In deciding to make the order sought, I must balance the concerns of the objectors to it against the interests of other creditors or persons otherwise affected by the liquidation. 

If Totally Smiles were placed into liquidation at a second meeting of creditors in December of this year, 237 staff will have their jobs terminated before Christmas and lose the prospect of retaining their employment through the sale of a business as a going concern.  Also, the prejudice to those affected by the moratorium arising from an administration is most relevant.  The concerns of those opposing the order do not arise from the moratorium. 

In any event, the power of the administrators to adjourn the second meeting for a period of 45 days, without requiring the involvement of the Court, means that even if I were to refuse to make the order sought, the concerns of those opposing would not be alleviated. 

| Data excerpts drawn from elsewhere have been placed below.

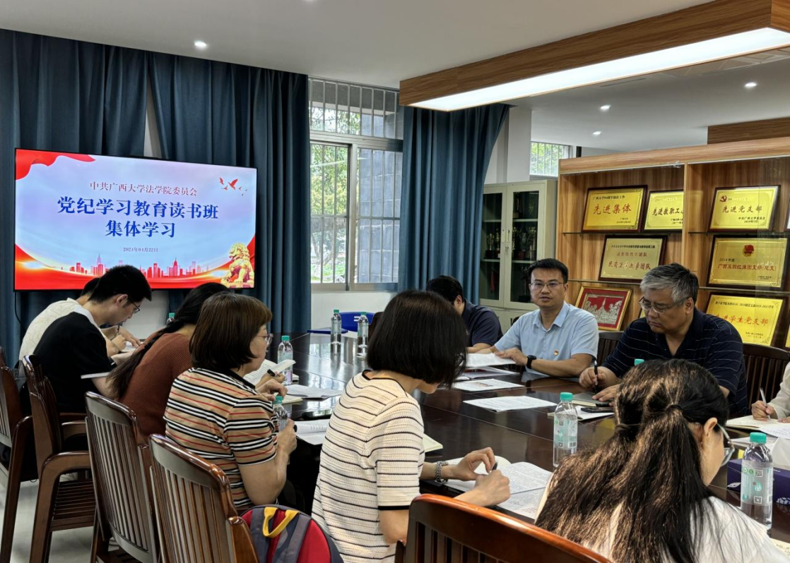 会上,院党委书记余云宇对《法学院党委党纪学习教育实施方案》进行解读,并领学中共中央关于印发《中国共产党纪律处分条例》的通知精神。此次专题读书班为期两天,与会人员在会上集体学习了习近平总书记关于开展党纪学习教育的重要讲话和重要指示批示精神,原原本本学习了《中国共产党纪律处分条例》第一章。
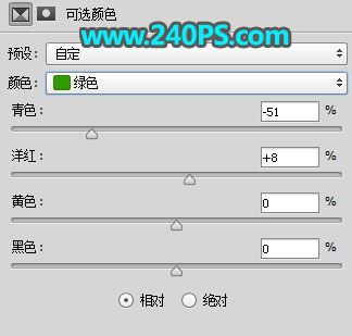 2、创建可选颜色调整图层,对黄色,绿色进行调整,参数及效果如下图。
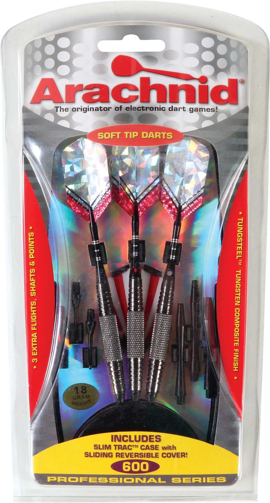Throw a bullseye with precision with the Arachnid SFP600 Soft Dart Set. Featuring 3/16” tips and tungsteel plating, the darts are durable and allow you to achieve accuracy. This set includes spare flights, shafts, and points, so you can replace parts if needed. Includes SlimTrac storage case.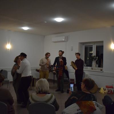 Na scenie wystąpił zespół Janusz Prusinowski Kompania, tworząc ciepłą i pełną energii atmosferę. Artyści opowiadali o muzyce, dzielili się ciekawostkami i swoim doświadczeniem, dzięki czemu koncert zyskał niezwykle kameralny, angażujący charakter.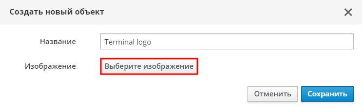 При этом откроется окно «Создать новый объект». В открывшемся окне следует ввести текстовое наименование изображения, нажать экранную кнопку [Выберите изображение] и указать расположение логотипа. После загрузки логотипа нажать экранную кнопку [Сохранить].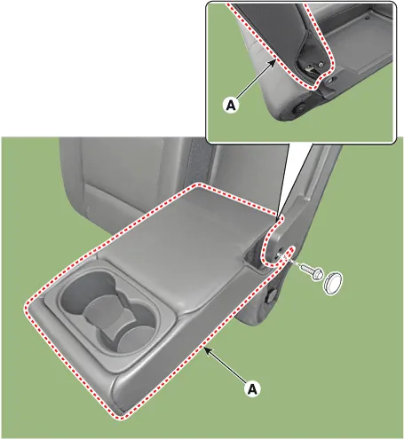 | 2. | Separate the rear back armrest (A) after removing the cap and then loosening the bolt.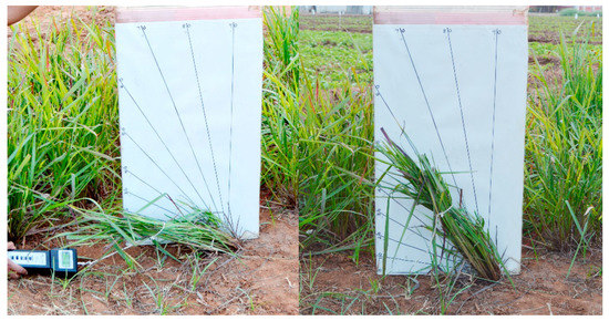 - Terashima, K.; Akita, S.; Sakai, N. Eco-physiological characteristics related with lodging tolerance of rice in direct sowing cultivation. Jpn. J. Crop Sci. 1992, 61, 380–387. [Google Scholar] [CrossRef]
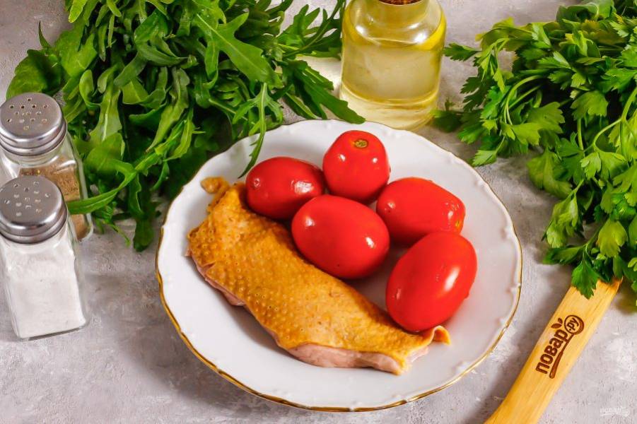 Утиную грудку извлеките из фольги и нарежьте слайсами. Выложите на тарелку. Посолите и поперчите, сбрызните маслом, оставшимся от жарки грудки.

In those circumstances, I consider it appropriate to make the order sought, extending time for the convening of the second meeting of creditors.

Also, I consider it appropriate to make the other orders sought which facilitate the primary order and deal with costs, and which concern the Committee of Inspection.

The order concerning the Committee of Inspection is designed to anticipate that members of the Committee of Inspection might, because of who they are, be counterparties to transactions with Totally Smiles. 

I agree with the submissions of the applicant that it is in the interests of creditors that the administrators not be handicapped in operating or attempting to sell the Smiles Group by the fact of the composition of the Committee of Inspection and the prohibition which would apply were I not to make the order sought in respect of it. 

For those reasons, I will make an order in terms of the draft.  I note in particular paragraph 10, which requires certain of the material to remain confidential.  And I note paragraph 11 as to costs.